Then using this, I can instead prove: \begin{align} \lim_{n\rightarrow \infty} \sqrt[n]{n} &= \lim_{n\rightarrow \infty} \exp{\frac{ \log n}{n}} \newline & = \exp{0} \newline & = 1 \end{align}

On the one hand, it seems like a valid proof to me. On the other hand, I know I should be careful with infinite sequences. The step I'm most unsure of is: \begin{align} \lim_{n\rightarrow \infty} \sqrt[n]{n} = \lim_{n\rightarrow \infty} \exp{\frac{ \log n}{n}} \end{align}

I know such an identity would hold for bounded $n$ but I'm not sure I can use this identity when $n\rightarrow \infty$.

If I am correct, then would there be any cases where I would be wrong? Specifically, given any sequence $x_n$, can I always assume: \begin{align} \lim_{n\rightarrow \infty} x_n = \lim_{n\rightarrow \infty} \exp(\log x_n) \end{align} Or are there sequences that invalidate that identity?

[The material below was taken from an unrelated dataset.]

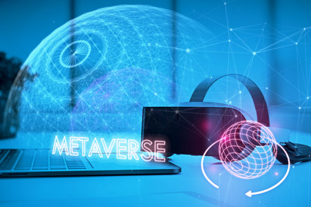 Close up of VR glasses on workplace with abstract creative metaverse hologram. Future, gadget and meta concept. double exposure

(Edited to expand the last question) given any sequence $x_n$, can I always assume: \begin{align} \lim_{n\rightarrow \infty} x_n &= \exp(\log \lim_{n\rightarrow \infty} x_n) \newline &= \exp(\lim_{n\rightarrow \infty} \log x_n) \newline &= \lim_{n\rightarrow \infty} \exp( \log x_n) \end{align} Or are there sequences that invalidate any of the above identities?

(Edited to repurpose this question). Please also feel free to add different proofs of $\lim_{n\rightarrow \infty} \sqrt[n]{n}=1$.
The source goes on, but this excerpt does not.